There’s really no excuse not to.

And with that in mind, both campaigns have really annoyed me. Things like the Tampon Tax and VAT Place of Supply appear to have been forgotten by Leave, Brand Protection and Unique Supply likewise not mentioned by Remain. The Remain Tolerant/Leave Racist row is just tiring and insulting, since it can so easily be flipped: who’s racist, the people who want to trade with and travel to the whole world(Leave) or those who want to give preference to a predominantly white proportion of it (Remain)? The Cold War, with all its puppet conflicts, and Bosnia seem to have been forgotten by both.

Please could we have a little more focus on facts and figures in campaigns in future and much less showboating? And I do include flotillas on the Thames in that.

Update on EU VAT – Oh boy

Posted By on June 1, 2016

EU VAT – Oh boy. Free trade? Yeah, that’s rather scuppered.

I work with a lot of small businesses and microbusinesses. The EU VAT laws that say an online firm must know the location of its customers, produce two pieces of evidence, store the data for ten years, and charge and remit VAT to that customer’s country and location at time of purchase by that countries laws with no threshold (a 1 euro donation would be subject to VAT) have been a nightmare. Many of the smaller nonprofits I work with have removed websites or Paypal because they can’t afford to comply.

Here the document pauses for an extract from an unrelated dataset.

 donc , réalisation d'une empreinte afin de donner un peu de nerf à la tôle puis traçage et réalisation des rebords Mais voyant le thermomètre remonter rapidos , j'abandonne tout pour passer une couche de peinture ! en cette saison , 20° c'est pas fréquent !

The EU discussed it last week, and …their solution is not to change VAT to allow smaller firms to trade across the EU by introducing a threshold. It was to suggest that smaller firms should geoblock (See Here), and simply block trade with EU customers to avoid the extra costs.1

It is now official: the EU discourages small firms from trading cross-border.

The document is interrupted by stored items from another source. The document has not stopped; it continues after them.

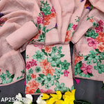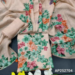 Pastel green digital printed pure linen unstitched salwar material, hand embroidered on front, printed v neck(lining needed)matching santoon bottom, digital printed pure linen dupatta with hand embroidered. CODE AP252701
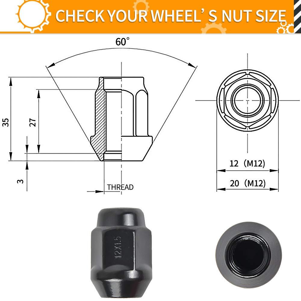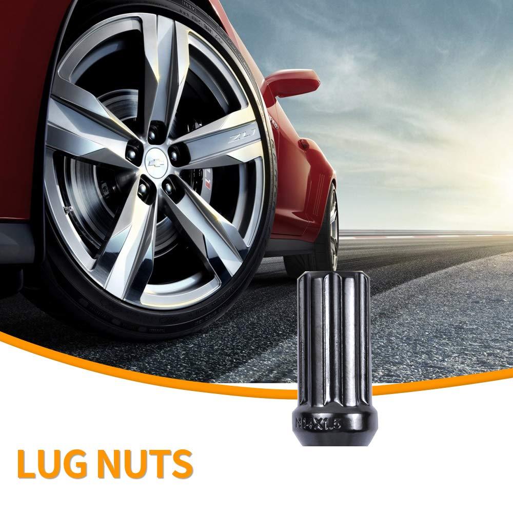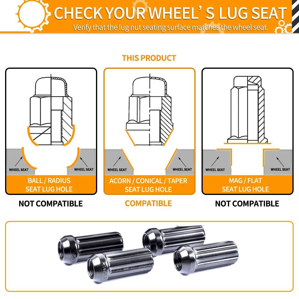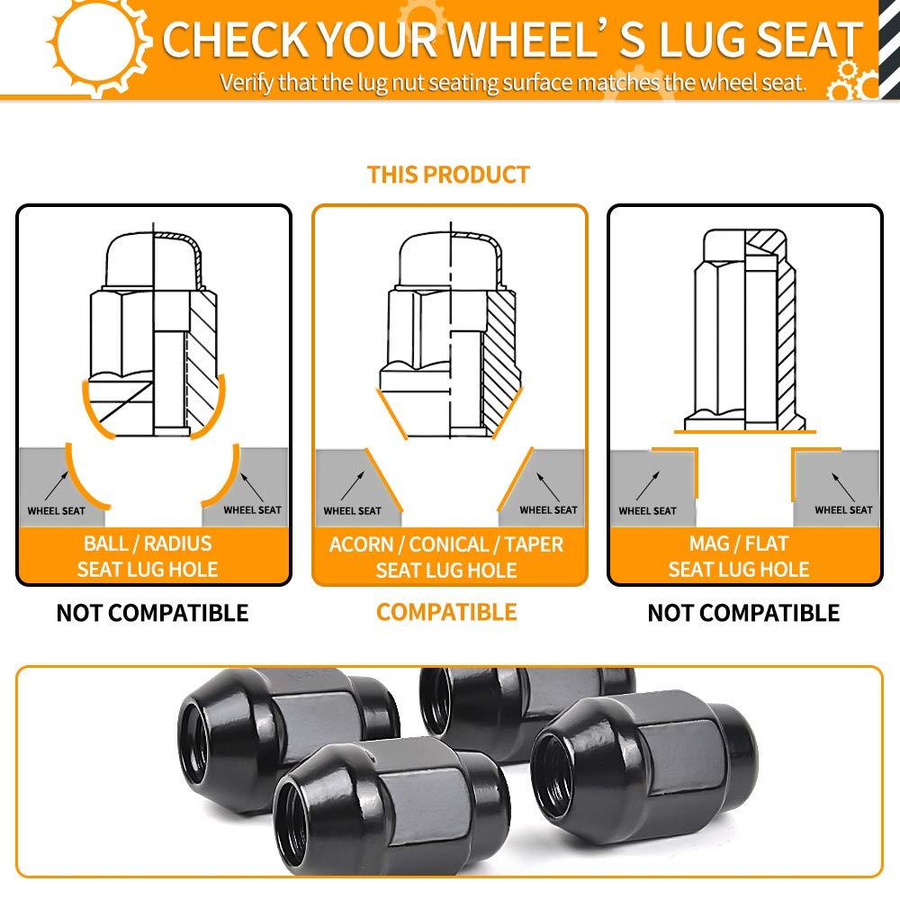 MIKKUPPA 9/16-18 One-Piece Chrome OEM Factory Style Large Acorn Seat Lug Nuts, Replacement for 2004-2009 Dodge Durango, 2006-2010 Dodge Dakota, 2002-2010 Dodge Ram 1500 Factory Wheels(Black Lug Nuts)
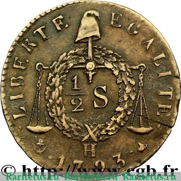 Реверс монеты ½ соль 1793 года Франция
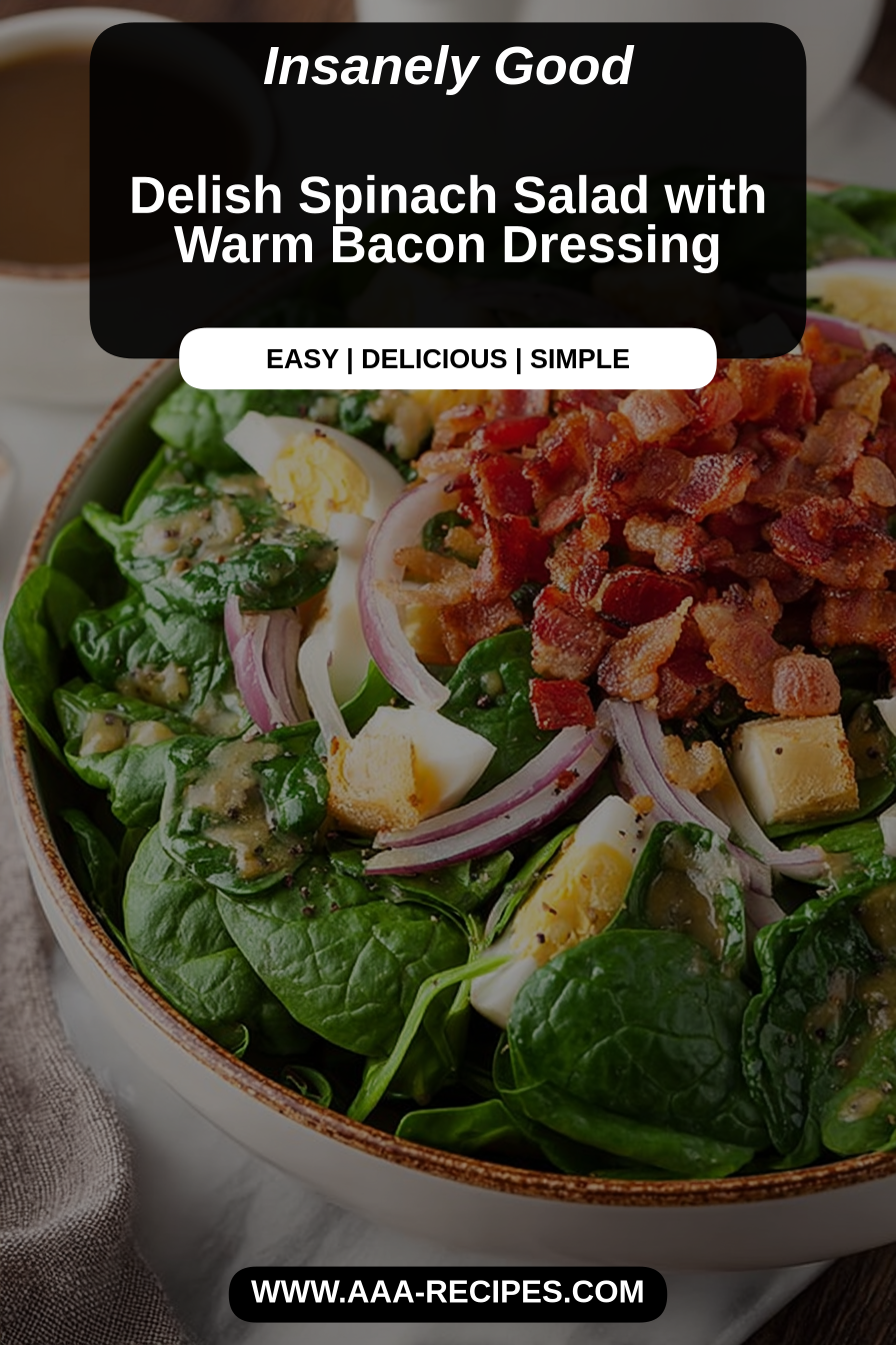 I learned early on that timing is everything with this salad: you want the bacon and its drippings hot enough to bloom the vinaigrette and slightly wilt the spinach, but not so hot that the greens go soggy. Using thinly sliced red onion (so it softens just a touch from the warm dressing) and slightly undercooking the bacon for a bit of chew gives the best texture contrast. People often overdress salads—start with less vinaigrette and add more if needed. Finally, warm components should be added to the salad just before serving so the leaves stay vibrant and slightly glossy rather than limp.

To give you an idea of one site’s situation:
New Zealand has a 60,000 threshold, which is higher than one site’s entire turnover (by a factor of around one hundred). The site can accept customers and donations from New Zealand, and sell ads to them, without any problems.

The USA hasn’t got the customer location rule in, so they can freely trade with them, which is as well because many of their sponsors are from there.

Canada? Like the USA, no problem.

France? The site can’t accept a single customer or donation without falling under VAT-Moss and having to do a UK Vat return to the VAT Moss office every three months.

Germany? They’d need to get a German tax number, register with a German tax office (Germany opposes the VATMoss system – details here) and do full VAT accounting four times a year when they might receive a total of $5 every couple of years from German citizens.

This is the situation while we are in the EU. For micro-businesses, whether the UK stays in or leave will actually make no difference to who they can trade with.

…but Leaving might reduce admin costs.

Removing customs charges is not the only part of a free trade area. If those customs fees are going to be replaced by VAT and admin costs, costing nearly £4,000 a year so already unattainable for small businesses, this is hardly free trade.

And if we don’t have free trade, why vote to stay?

(1 They seem to be forgetting the costs and technical skill required to geoblock. Good luck if you are a small cat sanctuary with an online Paypal button and two retired owners…)

Meanwhile I will spend the rest of the week implementing geo-blocking for about 15 small nonprofits. No, I don’t get paid for it.